→ **Description of the task**
All pictures are to be skipped; retype only the lines from the top of the entries through the line with "12月23日下午,在仁心楼2", both included.

========

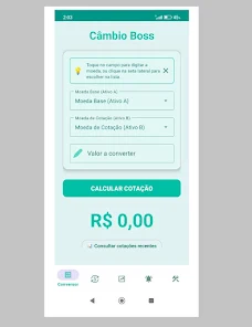 Câmbio Boss Classic is a straightforward currency converter and rate tracker designed for travelers and small businesses. It displays live exchange rates, performs quick conversions, and keeps a history of recent calculations for easy reference.
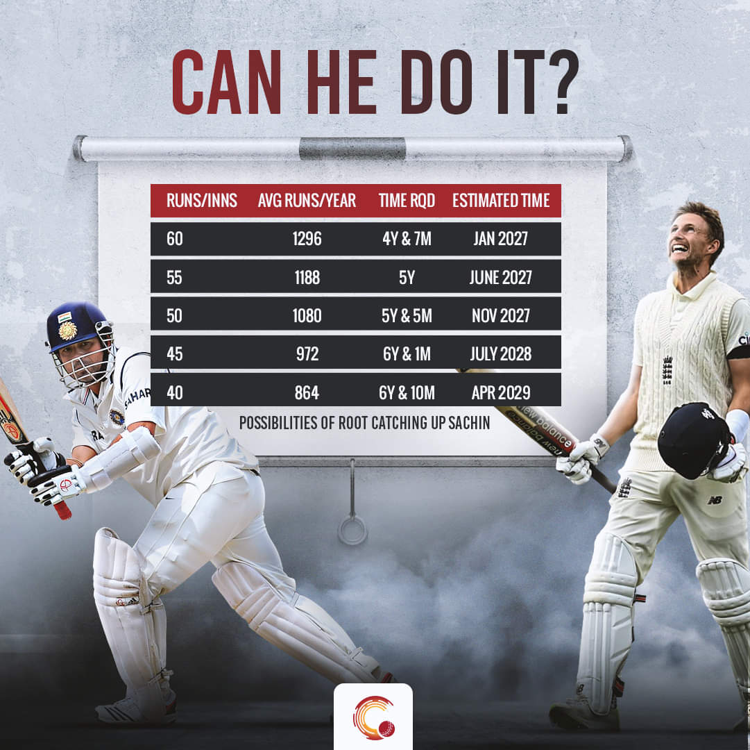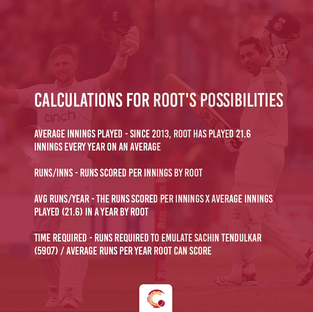 Root is currently 5907 runs behind Sachin’s tally of 15921. On average, barring his two innings in 2012, Root has played close to 22 (21.6) innings every year since 2013. If Root continues to score 50 runs per innings consistently, he has the chance of scoring approximately 1080 runs per year.
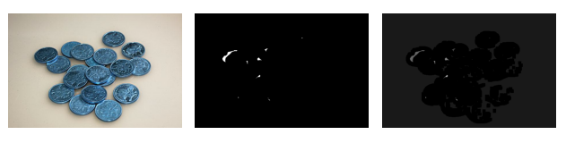 當(dāng)然,參數(shù)可以調(diào)整,可以看到大致的硬幣被完整的分割出來了。
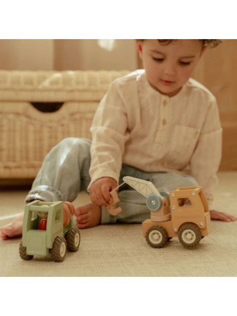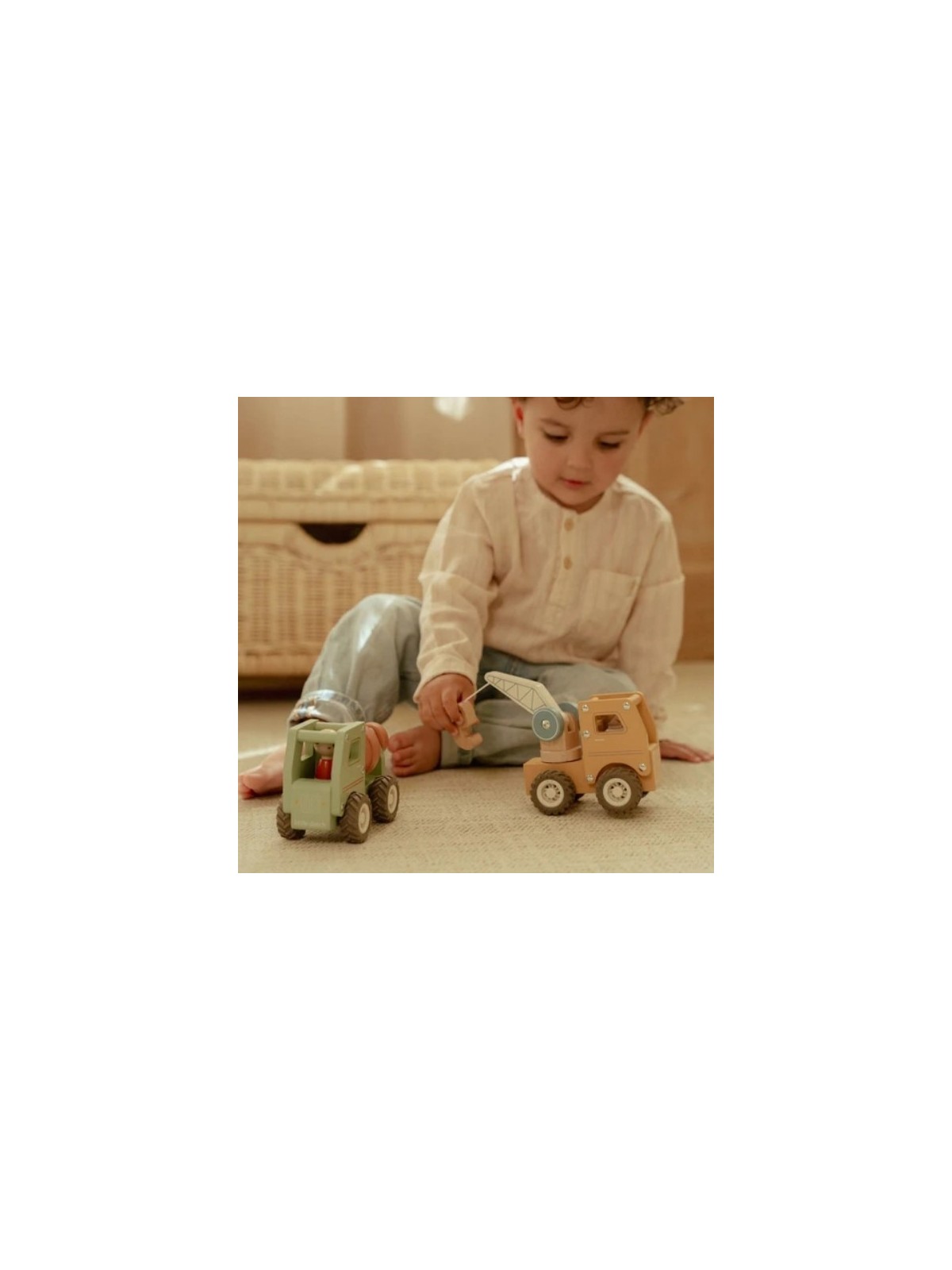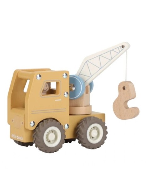 Soulevez et déplacez des charges lourdes avec cette grue robuste ! Le camion-grue en bois a un bras pivotant et est livré avec un ouvrier du bâtiment. Les roues en caoutchouc assurent une conduite en douceur sur le chantier. Conduisez jusqu'au port, chargez les conteneurs et placez-les au bon endroit. Combinez ce jouet grue avec les autres véhicules de construction pour un plaisir de jeu sans fin. La construction peut commencer !
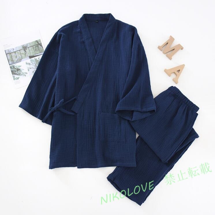 - 新品 夏物 羽織 メンズ 甚平 3色選べる 綿 薄手 浴衣 上下セット セットアップ 和服 ルームウエア 部屋着 パジャマ 作務衣 ネイビー
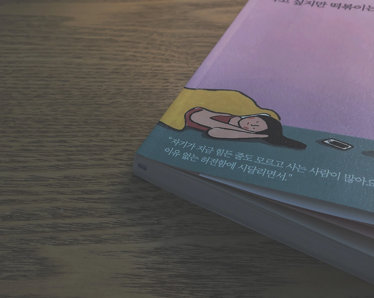 나처럼 힘들어하는 사람이 있다면, 그리고 그 상황에서 벗어날 수 없어 스스로를 괴롭히고만 있다면, 우울한 날들이 끝없이 이어지지만 이게 우울인지도 아직 알아차리지 못한 사람이 있다면, 나도 그의 등을 토닥이며 똑같이 말해주고 싶다. 네가 힘들면 도망가도 괜찮다고. 도망가는 것이 그냥 그 순간만 모면하는 방법일지도 모르지만, 이게 완전한 해결책은 아닐지도 모르지만, 그래도 한번쯤은 도망가도 상관없다고.
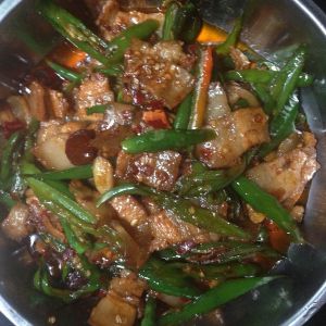 做法2:蒜苗豆干回锅肉
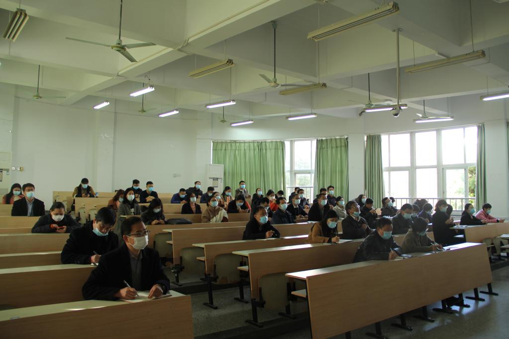12月23日下午,在仁心楼221阶梯教室,副董事长(主持日常工作)胡俊云向材纺公司全体教职工宣讲党的十九届六中全会精神。公司党政班子成员及全体教职工到会聆听。报告会由公司党委书记韩宝明主持。
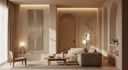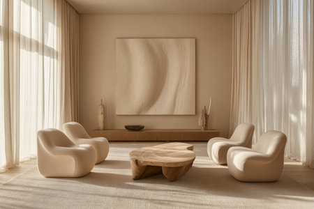 This interior design showcases a modern living room with a neutral color palette. The scene features a sofa, chairs, and decorative elements. Soft lighting highlights the textures and shapes of the room. The composition is suitable for various commercial applications, emphasizing design and aesthetics.
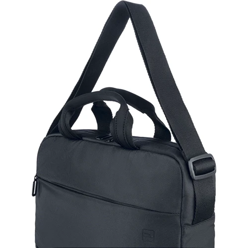 Легкая сумка из ткани, изготовленной из переработанного пластика. Имеет компактный, современный дизайн. Подходит для ноутбуков и MacBook до 14 дюймов. Оснащена удобным центральным отделением, внутренним карманом для ноутбука и внешним карманом на молнии. Также имеется ремень для крепления на чемодан и регулируемый плечевой ремень.
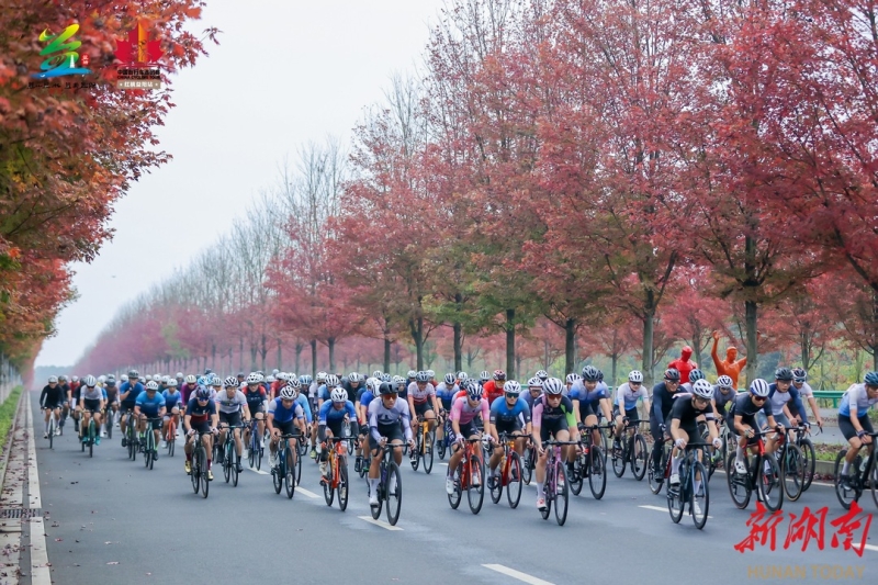 作为益阳市文旅融合发展大会系列活动,赛事的起终点均设在益阳市文旅地标之一的天意木国,赛道设置在毗邻鱼形湖畔的“网红”打卡圣地红枫大道上,800余位车手就在金秋红枫的环绕之中进行绕圈骑行竞技。
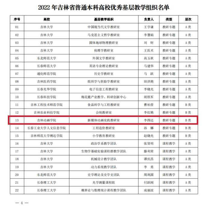 近日,吉林省教育厅公布2022年吉林省普通本科高校优秀基层教学组织名单,经高校推荐、专家评审,qmh官网动画艺术学院新媒体动画实践教研室荣获吉林省普通本科高校优秀基层教学组织称号。
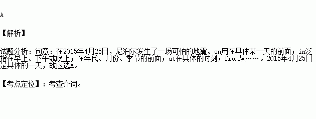 A terrible earthquake happened in Nepal _____ April 25th, 2015.

========

→ **Solution**
 Câmbio Boss Classic is a straightforward currency converter and rate tracker designed for travelers and small businesses. It displays live exchange rates, performs quick conversions, and keeps a history of recent calculations for easy reference.
 Root is currently 5907 runs behind Sachin’s tally of 15921. On average, barring his two innings in 2012, Root has played close to 22 (21.6) innings every year since 2013. If Root continues to score 50 runs per innings consistently, he has the chance of scoring approximately 1080 runs per year.
 當(dāng)然,參數(shù)可以調(diào)整,可以看到大致的硬幣被完整的分割出來了。
 Soulevez et déplacez des charges lourdes avec cette grue robuste ! Le camion-grue en bois a un bras pivotant et est livré avec un ouvrier du bâtiment. Les roues en caoutchouc assurent une conduite en douceur sur le chantier. Conduisez jusqu'au port, chargez les conteneurs et placez-les au bon endroit. Combinez ce jouet grue avec les autres véhicules de construction pour un plaisir de jeu sans fin. La construction peut commencer !
 - 新品 夏物 羽織 メンズ 甚平 3色選べる 綿 薄手 浴衣 上下セット セットアップ 和服 ルームウエア 部屋着 パジャマ 作務衣 ネイビー
 나처럼 힘들어하는 사람이 있다면, 그리고 그 상황에서 벗어날 수 없어 스스로를 괴롭히고만 있다면, 우울한 날들이 끝없이 이어지지만 이게 우울인지도 아직 알아차리지 못한 사람이 있다면, 나도 그의 등을 토닥이며 똑같이 말해주고 싶다. 네가 힘들면 도망가도 괜찮다고. 도망가는 것이 그냥 그 순간만 모면하는 방법일지도 모르지만, 이게 완전한 해결책은 아닐지도 모르지만, 그래도 한번쯤은 도망가도 상관없다고.
 做法2:蒜苗豆干回锅肉
12月23日下午,在仁心楼221阶梯教室,副董事长(主持日常工作)胡俊云向材纺公司全体教职工宣讲党的十九届六中全会精神。公司党政班子成员及全体教职工到会聆听。报告会由公司党委书记韩宝明主持。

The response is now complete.